Máscara no rosto, repelente no corpo e vigilância constante. Com a extensão do período de chuva e mais pessoas em casa, devido às recomendações de isolamento social, a preocupação com o mosquito e especialmente com a dengue não pode ser deixada de lado. Deixar água parada pode criar mais um problema ao sistema de saúde, em meio ao cenário já complexo de combate ao novo coronavírus.

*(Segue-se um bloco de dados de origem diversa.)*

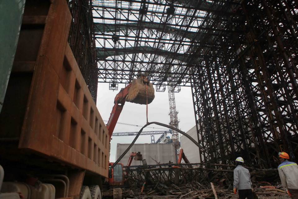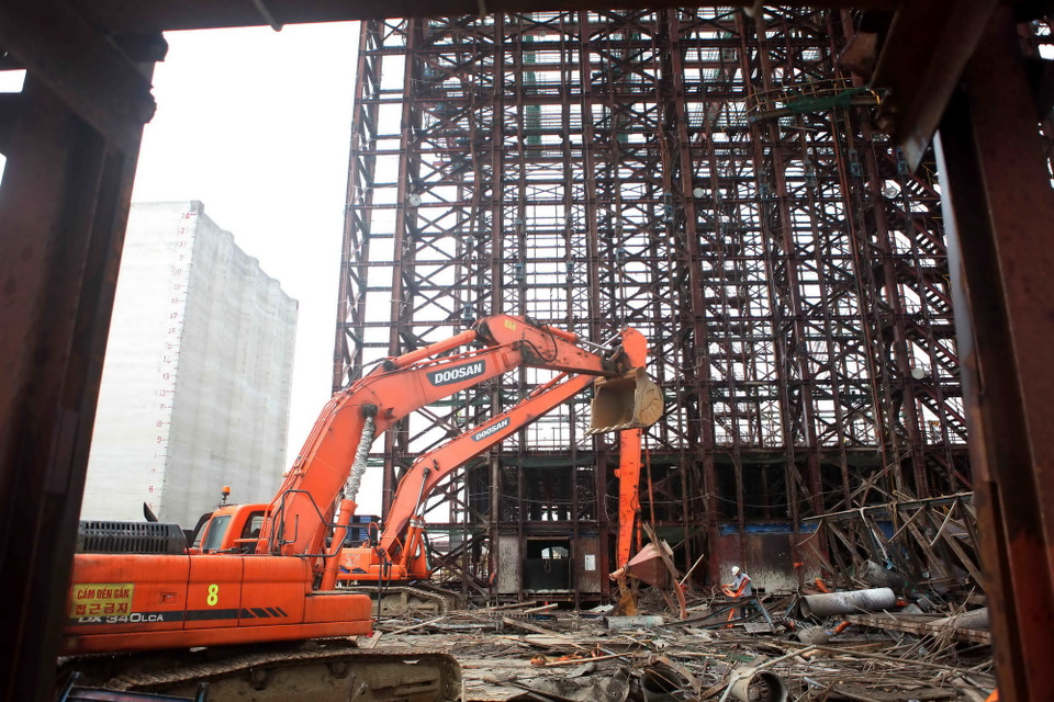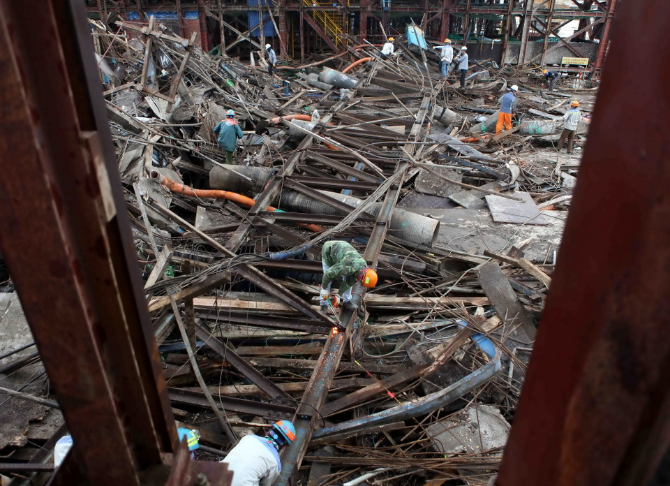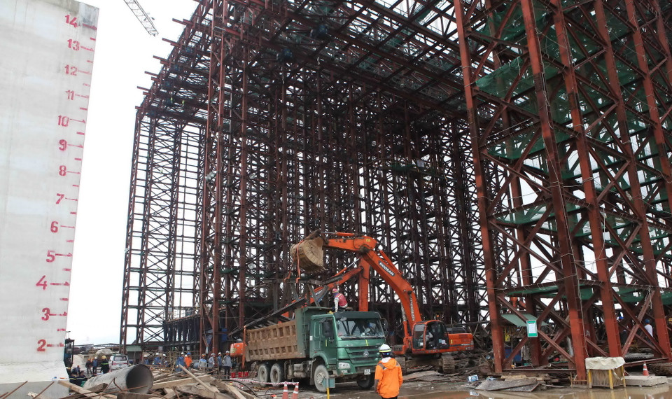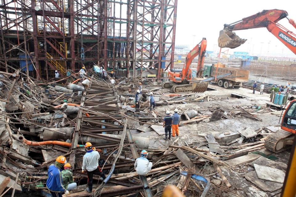 Vụ tai nạn sập giàn giáo nghiêm trọng xảy ra khoảng 20 giờ 25 tối 25/3 trên công trường thi công thuộc dự án Formosa, Khu Kinh tế Vũng Áng, huyện Kỳ Anh (Hà Tĩnh). (Ảnh: Thanh Tùng/TTXVN)

A ameaça constante das doenças transmitidas pelo mosquito Aedes aegypti fica em segundo plano das preocupações diante do avanço da covid-19. Porém, o isolamento sem os cuidados já praticados antes contra o mosquito pode favorecer a proliferação do vetor, transmissor também da chikungunya e da zika, além de sobrecarregar o sistema de saúde.

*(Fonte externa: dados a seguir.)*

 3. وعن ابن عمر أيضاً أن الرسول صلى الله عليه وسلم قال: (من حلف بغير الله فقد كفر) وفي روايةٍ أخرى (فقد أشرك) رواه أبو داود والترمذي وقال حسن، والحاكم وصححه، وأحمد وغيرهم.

Até março, Parauapebas registrou dois casos associados à dengue. O coordenador do Programa das Doenças Transmitidas pelo Aedes aegypti, Carlos Damasceno, lembra que o coronavírus é prioridade do momento, mas que não se pode baixar a guarda com as chamadas arboviroses. “Se a população não se atentar de forma geral, os focos de dengue se mantêm sempre ativos. Com a chuva que ainda não parou, há uma preocupação com a possível somatória de doentes e seu impacto sobre o sistema de saúde”, explica.

Embora sejam doenças causadas por vírus diferentes, o aumento do número de casos tanto da dengue quanto da Covid-19 faz com que o senso de coletividade seja maior, demandando um comportamento de reflexão para a sociedade.  “A pandemia do coronavírus é prioridade, mas não podemos deixar as ações de rotina. A população em isolamento deve aproveitar para rever em suas casas os possíveis locais com foco do mosquito e eliminá-los, para o poder do transmissor não aumentar”, alerta a Diretora da Vigilância em Saúde, Michelle Ferreira.